そこから私にますますスイッチが入り、逃げ惑う息子たちを追っかけ当てまくった。
だって、あの子たち、背中見せるんだもん。
「ほらほらぁ、逃げてばっかいないで、ボールとって!」
手を伸ばすが明らかにビビってなかなかキャッチできない。
「胸でとるの胸で!!こう!こんな風に、こう!ボールを抱きしめるように!」
母による熱血指導。
私って結構スパルタかもしんない。
──そろそろ、見せてやるか。
私はピタリと追いかけるのをやめ、ぜーはーと息を切らしている息子たちを見つめた。
「ねぇ、お母さんの本気、見せてあげようか」
私は一呼吸して、ボール片手にフェンスの前に立った。
せいっ!
見よ!これがかつてクラス1の強者中原くんを制した母のボールだ!
私の手から放たれたボールは、一直線にフェンスへ向かい、
一拍遅れて、
ガンッ!
跳ね返ったボールが静かにコロコロと転がった。
「......どう?お母さん、すごい?」
近くて固まっていた2人が小さく頷く。
私、結構まだいけるじゃねぇか。
ますます闘志に火がついてしまった私は、ひゃあひゃあ逃げ回る坊や相手じゃ物足りなさを感じ始めていた。
ああ、もっと思いっきり投げたい。
「おりゃードスッ、おりゃードスッ、ふっ......なかなかいい球投げるじゃねぇか」って、やりたい。
相変わらず全っ然ボールを受けようとしない。
「ほら、胸で抱きしめて!ほら、ボール追っかけて!」
私の喝が、容赦なく飛ぶ。
息子たちが笑い転げる声が、公園に響いていた。
ふと、思う。
──なぜ、今までボール投げをやってこなかったんだろう。
いや、違う。
やっとできるようになったんだ。
Yotaが公園まで歩いて、ボールを追っかけて、お腹を抱えて笑えるようになったんだ。
やっと、やっと、ここまで来られたんだ。
少し前なら、ボールを背中に当てようもんなら大泣きしながら「もう帰る!」って言っていただろう。

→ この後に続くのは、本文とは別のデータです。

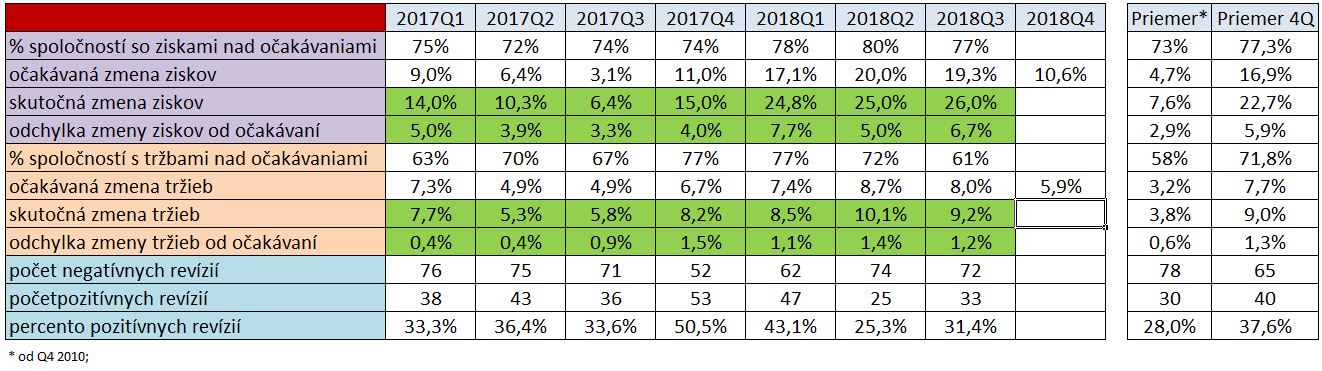 Pozrime sa najskôr, čo sa od aktuálnej výsledkovej sezóny očakáva. Počíta sa s výrazným spomalením medziročného rastu ziskov, z mimoriadne vysokých 26% v treťom kvartáli na 10,6%. Podobne je to aj pri tržbách, z 8% na 5,9%. Rast ziskov (a pravdepodobne aj tržieb) bude určite pomalší ako v treťom kvartáli, kvôli vysokej báze z minulého roka. Minimálne pri ziskoch sú z nášho pohľadu tieto prognózy veľmi nízke, keďže medziročný efekt nižších korporátnych daní v USA ovplyvní zisky ešte aj vo štvrtom kvartáli (v tom nasledujúcom už nie). Čiže existuje vysoký potenciál pre ďalšie pozitívne prekvapenie.
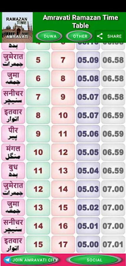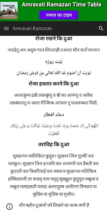 Maharashtra Amravati City Ramadan Time Table with Iftar Duwa And Sahar and more Duwa's. Amravati City Salah Time Table. and more valuable information in this App. Time Table Use this app There is also some web view in this app. To enjoy this a lot, run it on the Internet

それを今では、目の前で、地面に転がりながら笑っている。
ボールで遊ぶって、楽しいね。
母は嬉しいよ。
じーんと感動しちゃってるけど......全くもって物足りなねぇのよ。
うん、それとこれとは話が別でして。
こうなれば、休日に夫相手に本気の球を投げるしかないな。
全っ然ボールをとらない逃げ回る息子たちが可愛くて可愛くて。
駄菓子菓子、母は容赦しないよ?
ビシバシ鍛えてやるぜ。
なんてったって、私は中原くんを制した女だからね。
──2日後、しっかり右腕が筋肉痛だったことは内緒にしておこう。